Performing duplication elimination statistics, that is, each word is only retained once, every two retained words are different, and the formed unique vocabulary collection is recorded

Suppose that

In which there are t elements, denoted as

Segmented set of statistical complaint information

Wherein each of the complaining information segmentations corresponds to

For the ith complaint information split set

The corresponding word frequency statistical characteristic set is recorded as

Wherein

To represent

Including the word s_tIs 1, 2, and n, then the complaint information segmentation set

Corresponding word frequency statistical characteristic set

Step 4.2, a word frequency proportion characteristic set: segmented set of statistical complaint information

Wherein each of the complaining information segmentations corresponds to

The proportion of each element in (b) is defined to correspond to

Dividing the length of the complaint information segmentation set by the occurrence frequency of each element, namely the number of words contained in the segmentation set; segmenting sets of complaint information for ith complaint

The corresponding word frequency proportion characteristic set is recorded as

Wherein

To represent

Including the word s_t1, 2, and n, then the complaint information segmentation set

Corresponding word frequency scale feature set

Step 4.3, displaying the word frequency: the word cloud picture is used for visually displaying words with high occurrence frequency in the text, so that a large amount of low-frequency and low-quality text information can be filtered, and a browser can intuitively draw the text through the word cloud picture; statistics based on full complaint information

Number of occurrences of each element in

The j-th element s in (1)_jLet the number of occurrences in the full complaint information be p_jJ 1, 2.... prot, t; the word frequency set for recording the full amount of complaint information is

Then

The word cloud display package WORDCOUNT adopting python can be directly constructed

The word cloud.

Preferably, the method comprises the following steps: the step 5 specifically comprises the following steps:

step 5.1 initial core sample labeling: firstly, setting two core parameters eps and min _ sample of a DBSCAN algorithm, wherein eps represents a distance threshold value belonging to a neighborhood and the value is a floating point type; min _ samples represents a sample number threshold value of an epsilon-neighborhood required by a sample point to become a core object, and the value is a positive integer; firstly, randomly selecting a point, and then finding all points which are less than or equal to eps away from the point;

step 5.2 cluster label allocation: if the number of data points within eps from the starting point is less than min _ samples, then this point is marked as noise; if the number of data points within eps is greater than min _ samples, then this point is marked as a core sample and assigned a new cluster label; then accessing all neighbors of the point within the distance eps; if they have not already been assigned a cluster, then the new cluster label just created is assigned to them; if they are core samples, then their neighbors are visited in turn, and so on; the cluster is gradually increased until there are no more core samples within the eps distance of the cluster;

step 5.3 convergence training: selecting another point which is not visited yet, and repeating the processes of initial core sample marking and cluster label distribution until all the points are marked;

step 5.4, outputting a model result: the DBSCAN model outputs the label of the cluster to which each point belongs; clustering result y for ith complaint_i，y_i-1 or a positive integer, -1 represents a noise point, the remaining positive integers representing the label number of the cluster to which the current point belongs, wherein i-1, 2.

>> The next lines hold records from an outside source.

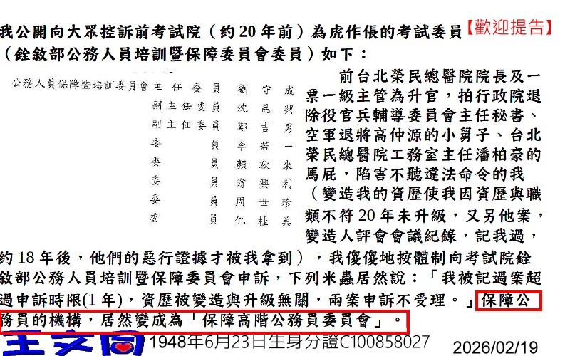 好熟習的惡夢 從高金素梅被鎖談起 前言:羅馬帝國時期天主教神學教授阿奎那說:「在一且可能改變人的因素中,最強烈的是酒;其次,是女人;再次,是強權;最後,才是真理。」古希臘懷疑論的創始者,皮朗說:「當人對權威、富貴、英雄產生質疑的時候,獨立思考的能力才逐漸出現。當人們用理性邏輯去質疑權威、富貴、英雄的時候,獨立自主的意識才趨於成熟。」 立委高金素梅被檢調蒐索,這下流、無恥、反民主法治的流氓行徑,又令我發抖的26年前、公務生涯的一場夢魘: 2000年某天,上午十點左右,三個流氓樣子的人,到我辦公室,出示警察證件及搜索票,說我牽涉「偷竊」要搜索我石牌台北榮民總醫院的宿舍,突然的霹靂,生平雖沒做做虧心事,但還是心慌了,也就由它們了。 搜索完了,三個流氓說要搜索基隆、快八旬我的老母家,於是三個流氓押我驅車到基隆老母家,翻天覆地,老天保佑,我老母和我一樣,身心健康,挺過一場驚心動魄的鬼打牆。這還沒完,更下流的要求,要搜索我前妻的家,一場震撼教育後,我被羞辱到臉發麻,我也「不要臉了」,驅車再回到台北市警察局北投分局作筆錄,折騰到往上9點,「請」我回去。過了兩天,要我測謊,我毫不猶豫答應,搜索及測謊結果都沒有還我清白,這是2000年馬英九當台北市長時,發生的事。 我任職台北榮民總醫院工務室機械職類工程師,不服從工務室主任潘柏豪違法命令,潘柏豪養了國防部情報局一個上校沒生少將的處長,被外調到工務室,當他的狗,耀武揚威,人見人畏。我天生就是就喜歡打狗給主人看得個性,當然狗及主人都對我懷恨在心。潘柏豪,是個草包,但他姊夫是空軍退伍中將,在退除役官兵輔導委員會當主任秘書,後升該會副主任委員、後又任不分區軍系立委,所以這個草包的背骨硬的很。台北榮民總醫院院長、副院長、政風室主任、人事室主任、主任秘書的陞遷,決定權在退除役官兵輔導委員會,所以上述首長、主管都摸潘柏豪的屁股。這案子,當然是台北榮民總醫院主官、主管為了陞官的投名狀。 我除了被栽贓外,我的資歷(甲種輪機長)被偽造成丙種三副(與機械職類不符,(我20年沒陞級),人事室還偽造文書,捏造事由記我過,著些事是人事室操刀,我被埋在鼓裡,直到人事室同仁,看不過去,在我快退休前,偷偷把證據影印,丟到工務室影印間,被同仁撿到,丟給我。傻傻的我,按照體制內程序,向考試院銓敘部公務人員培訓暨保障委員會申訴,結果:考試委員說:「事發已超過一年追訴期(事發19年後我才握有證據耶!),資歷與升遷無關(就算無關,所以可以偽造?這是像考試委員說的話?還是人民養的狗在吠?)」 有一次,外包廠商偷抽地下水地下道施工,這是嚴重違法,該工程非我管,但地下水屬我權責,我得依法檢舉,沒想到管工程的行政副院長,居然語帶威脅的對我說:「你沒有證據,可是污衊!」,我提出證據,他居然不追辦。 以上種種、罄竹難書,雖事過境遷,我莫齒難忘,我沒有被國家黑暗勢力輾壓而倒下,也彌足抬頭挺胸、感謝頭上三尺的神明。 以下是我指控,參與迫害我的人或公務機關。歡迎提告! 台北榮民總醫院前院長張茂松 台北榮民總醫院前副院長雷永耀(縱容廠商偷竊地下水施工,反恐嚇我陷害廠商) 台北榮民總醫院前秘書室主任易屏東 台北榮民總醫院前政風室主任韓厚忠 台北榮民總醫院前人事室主任范綱明 台北榮民總醫院前工務室主任潘柏豪 國防部軍情局前資料處理處處長外調台北榮民總醫院工務室專員李復興 台北地檢署檢察官(女、姓陳,搜索票警收回,我沒記得名,瀆職 。) 台北市警察局第北投分局(瀆職) 考試院銓敘部公務人員培訓暨保障委員會(瀆職) 後語:高金素梅被搜索,不是藍綠的政治鬥爭,是人性本惡的千古遺傳,是不會停止的必然。 作者本人:王文同 民國37年6月23日生 身分證C100858027 以上個人或機關歡迎對本人提出告訴 |
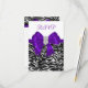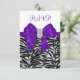 Elegante zebra roxa com cartão RSVP de arco roxo de joia de diamante. Personalize com sua escolha de estilo de fonte e cor de fonte.
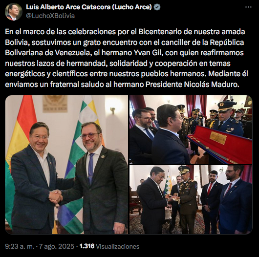 “En el marco de las celebraciones por el Bicentenario de Bolivia, sostuvimos un grato encuentro con el canciller de la República Bolivariana de Venezuela, hermano Yván Gil, con quien reafirmamos nuestros lazos de hermandad, solidaridad y cooperación en temas energéticos y científicos entre nuestros pueblos hermanos. Mediante él enviamos un fraternal saludo al hermano Presidente Nicolás Maduro”, escribió Arce este jueves en sus cuentas oficiales.
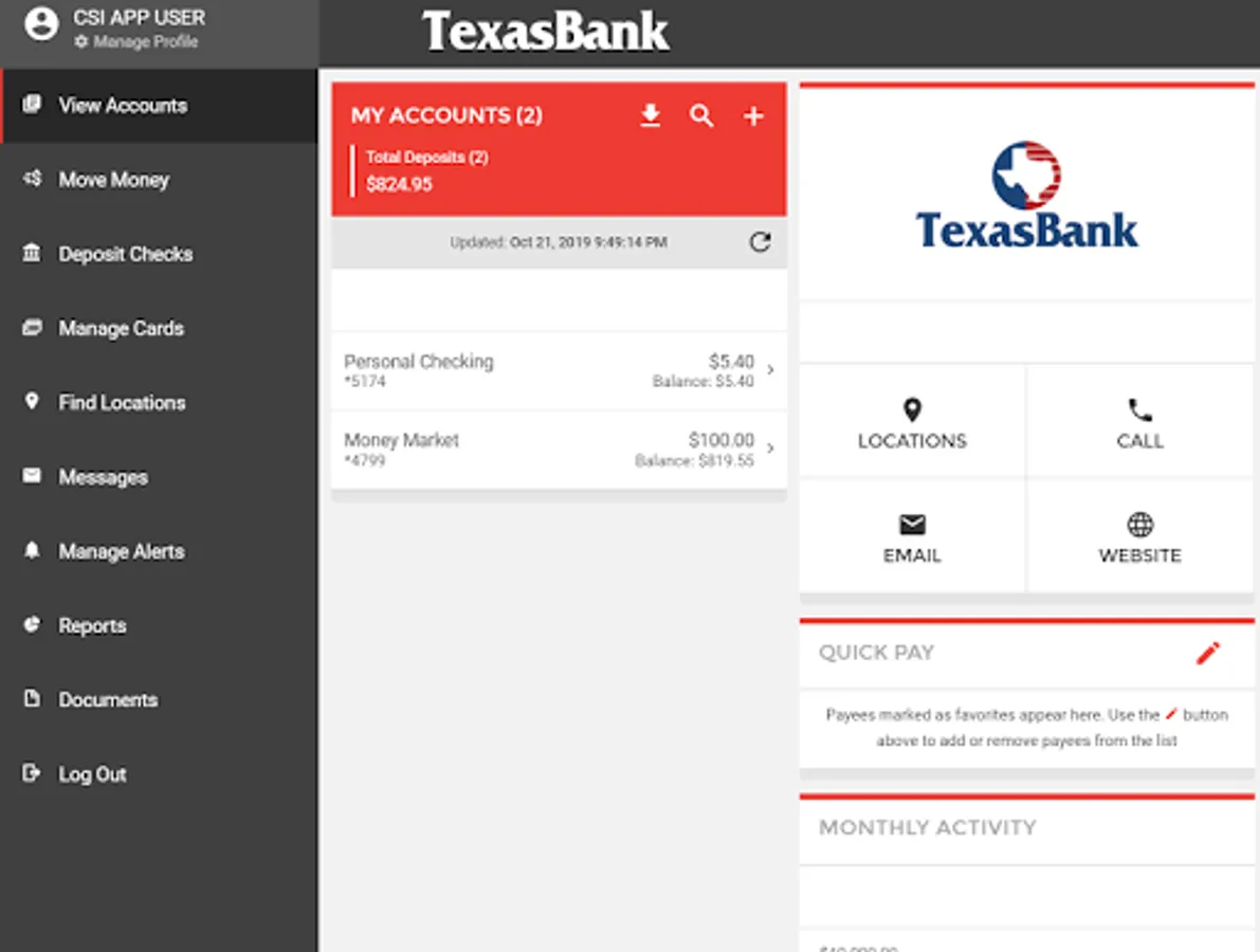 • Transfer funds between TexasBank accounts

Preferably, the method comprises the following steps: the step 6 specifically comprises the following steps:

step 6.1 clustering sampling: calculating the maximum value of all vector elements of the output result Y of the DBSCAN algorithm, and recording the maximum value as d; then the clustering result of the DBSCAN algorithm has d classes, and the clustering sample label of the r-th class is assumed to be M_rWherein comprises u^rAn element, wherein n ═ u¹+u²+......+u^d(ii) a r 1, 2.. said, d; then complaint information set C ═ C¹，C²，......，CⁿCluster set of the result complaint information after clustering

Appointing sampling proportion h, 0 < h < 1, clustering complaining information

Performing hierarchical sampling to form a complaint information clustering sampling set

Wherein

The number of the contained elements is nh;

step 6.2 manual qualification: clustering sample sets for complaint information

Wherein 1 represents a malicious complaint and 0 represents a general complaint; clustering sampling marking set of complaint information after marking as

Wherein

Or 0,

r

1, 2, a. 1, 2, ah; statistics of

The proportion of malicious complaints in each cluster in (i.e. for the r-th cluster result M)_rThe number of malicious complaints is calculated as

The proportion of malicious complaints in the cluster was scored

Recording the complaint information malicious complaint proportion set as

Step 6.3 marking the malicious complaint cluster: computing

In

The maximum value of (1) is recorded as

Cluster M corresponding to the maximum value_etThe cluster is a malicious complaint cluster, and all complaints in the cluster are malicious complaints; elements of the remaining clusters are combined into a normal complaint cluster and denoted as M_ot(ii) a Then complaint information set C ═ C¹，C²，......，CⁿThe classification result of the corresponding malicious complaint model is

Wherein u is^et+u^otN; all malicious complaints have been identified so far.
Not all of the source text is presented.